If you want to stick to HDD, the suggestion was to try 25.04, which removes the hard coded timer. How does it behave there?

Can you confirm that the timer is the issue? Are there so many apps that they take longer than 120s to start, and then you get the error?

BrandonMFong · February 24, 2025, 3:55am

I am running my apps on HDDs. I saw the jira item regarding the hard coded timer issue, I’ll consider running the 25.04 beta to see if it solves the issue.

Can you confirm that the timer is the issue? Are there so many apps that they take longer than 120s to start, and then you get the error?

How would I confirm this?

yorick · February 24, 2025, 12:19pm

The easy button is to change that. Run apps on an SSD mirror pool (those are truly cheap) and hand in app data via a host mount from HDD.

Now with 40+ apps, granted, that “easy button” may need some manual work, depending on where the data the apps access is now. If it’s already on host mounts (separate datasets from ix-apps) then it’s truly easy.

Sure 25.04 will solve this for you, RC1 out shortly. But solve in the sense of it won’t fail - it’ll still take longer than 120s to start them all because HDD.

Apps on SSD sounds so much nicer all around.

jerr · February 26, 2025, 1:58pm

Works better than docker restart ! Thank You!

Whattteva · February 26, 2025, 2:17pm

I don’t think enterprises use the Apps feature to be honest. I’m actually interested in seeing the metrics for Apps usage in enterprise deployment if anyone knows where to look.

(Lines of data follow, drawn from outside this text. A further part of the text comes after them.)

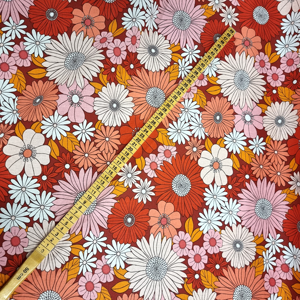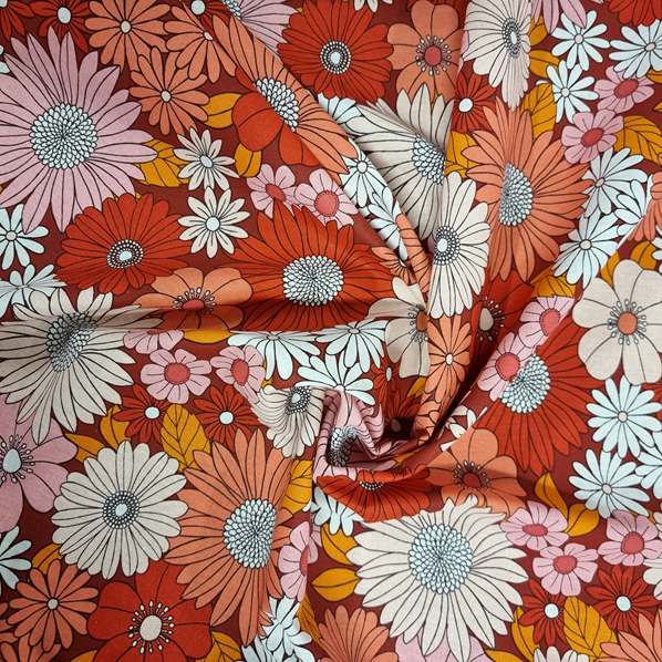 Bomullsväv i retromönster för kläder och inredning.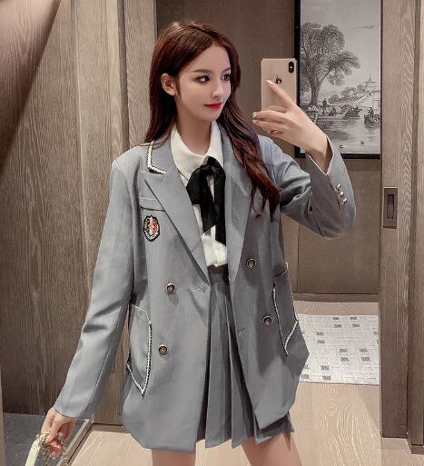 カレッジスタイル セットアップ 上着 スーツ コスプレ 制服 白シャツ プリーツスカート ミニ 長袖 リボン ポケット 3点セット スリーピース かわいい ラブリー キュート オールシーズン シーズンレス 入学式 卒業式 10代 女の子 学生 通学 お揃い 韓国系 オルチャン ファッション コーデ 体系カバー サイズ S M L XL 2XL ホワイト ブラック グレー モノトーン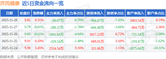 证券之星消息,截至2025年11月28日收盘,济民健康(603222)报收于9.82元,上涨0.31%,换手率2.54%,成交量13.33万手,成交额1.3亿元。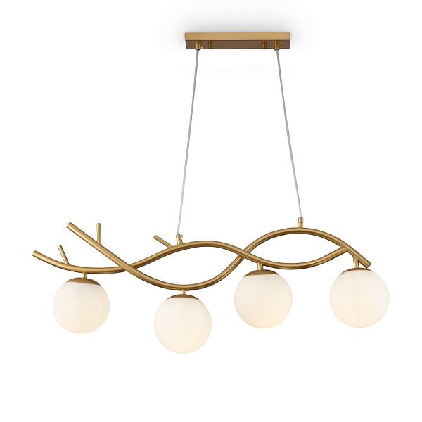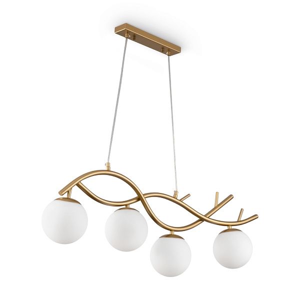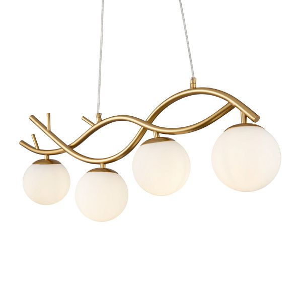 Органичный силуэт серии Rosella напоминает о ветвях деревьев – природные формы привносят в дизайн светильника плавность и легкость. Арматура сделана из металла и окрашена в благородный оттенок латуни. Стеклянные плафоны-сферы поддерживают флористическую метафору, а их матовый белый оттенок идеально дополняет цветовую гамму модели. Универсальная палитра без труда интегрируется в любой интерьер. Сферическая форма плафонов обеспечивает мягкое и равномерное распределение светового потока. Две подвесные люстры различного диаметра позволяют выбрать подходящий вариант с учетом размеров помещения. Невидимые тросы создают иллюзию парящего в воздухе света – тренда современного дизайна. Светильники отлично подойдут для освещения гостиной, кафе и ресторанов, станут частью декоративного ансамбля в интерьере. Рекомендуемые стили – хай-тек, минимализм, сканди, лофт, модерн.

Nemean · February 26, 2025, 5:19pm

Hello. I found this thread while trying to debug my truenas scale apps issues.

Gist is I have a pool that is currently slowly dying. I have created a new pool and replicated data from my backup onto it. I tried to change the selected pool for apps to my new pool, but docker fails to start. I have tried restarting middleware, unseating/rechoosing the pool multiple times. The journal does help much as it said docker exited with error code 1

Any help identifying the issue would be super helpful. I am on the latest release version of Scale EE.

Nemean · February 26, 2025, 5:23pm

Oh also forgot to mention. When I choose my original pool with my existing apps, it starts without error.

Nemean · February 26, 2025, 11:02pm

I found the issue. For some reason the entire pool was set to read-only.